■ Problem to solve
Return the data exactly, apart from leaving out the pictures.

■ Data shown
++++++++++++++++++++

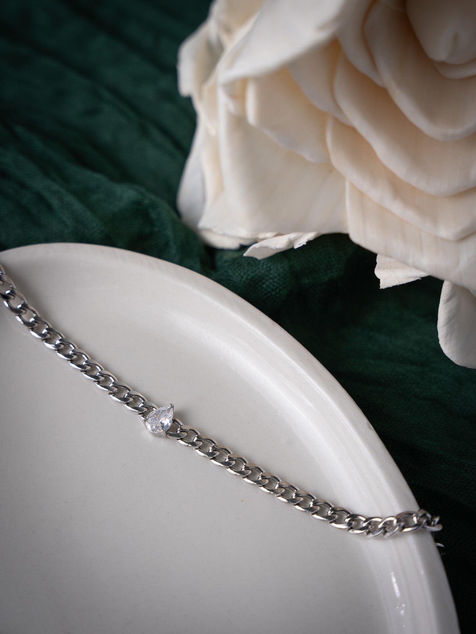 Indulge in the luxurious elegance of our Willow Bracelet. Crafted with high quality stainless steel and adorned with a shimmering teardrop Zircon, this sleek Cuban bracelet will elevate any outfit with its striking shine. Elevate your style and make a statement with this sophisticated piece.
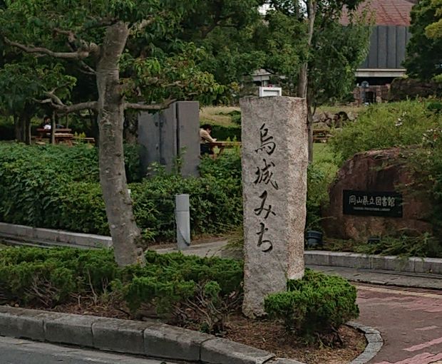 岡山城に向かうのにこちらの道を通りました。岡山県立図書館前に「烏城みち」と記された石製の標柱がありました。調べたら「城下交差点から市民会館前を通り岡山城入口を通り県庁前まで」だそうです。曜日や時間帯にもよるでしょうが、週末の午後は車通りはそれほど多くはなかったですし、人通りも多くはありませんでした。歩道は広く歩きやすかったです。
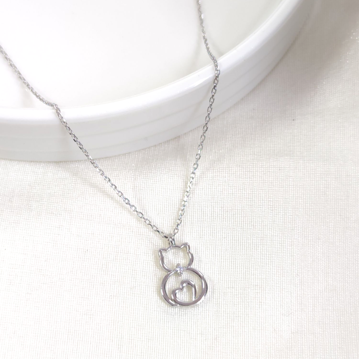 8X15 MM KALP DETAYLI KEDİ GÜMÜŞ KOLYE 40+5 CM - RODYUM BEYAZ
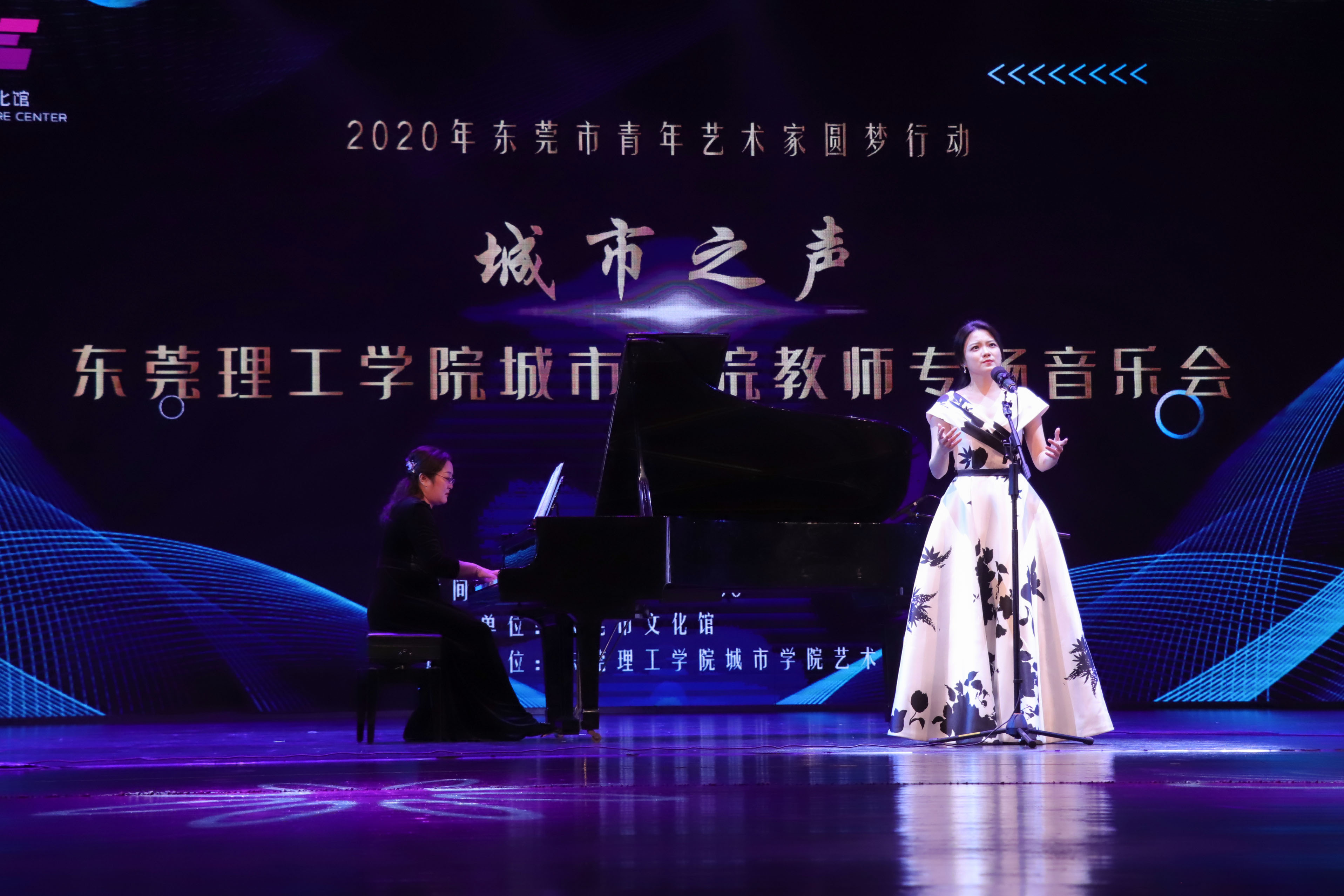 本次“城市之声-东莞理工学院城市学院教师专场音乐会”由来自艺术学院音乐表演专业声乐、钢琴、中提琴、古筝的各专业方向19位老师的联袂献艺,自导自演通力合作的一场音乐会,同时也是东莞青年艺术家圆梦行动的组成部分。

++++++++++++++++++++

■ Result
 Indulge in the luxurious elegance of our Willow Bracelet. Crafted with high quality stainless steel and adorned with a shimmering teardrop Zircon, this sleek Cuban bracelet will elevate any outfit with its striking shine. Elevate your style and make a statement with this sophisticated piece.
 岡山城に向かうのにこちらの道を通りました。岡山県立図書館前に「烏城みち」と記された石製の標柱がありました。調べたら「城下交差点から市民会館前を通り岡山城入口を通り県庁前まで」だそうです。曜日や時間帯にもよるでしょうが、週末の午後は車通りはそれほど多くはなかったですし、人通りも多くはありませんでした。歩道は広く歩きやすかったです。
 8X15 MM KALP DETAYLI KEDİ GÜMÜŞ KOLYE 40+5 CM - RODYUM BEYAZ
 本次“城市之声-东莞理工学院城市学院教师专场音乐会”由来自艺术学院音乐表演专业声乐、钢琴、中提琴、古筝的各专业方向19位老师的联袂献艺,自导自演通力合作的一场音乐会,同时也是东莞青年艺术家圆梦行动的组成部分。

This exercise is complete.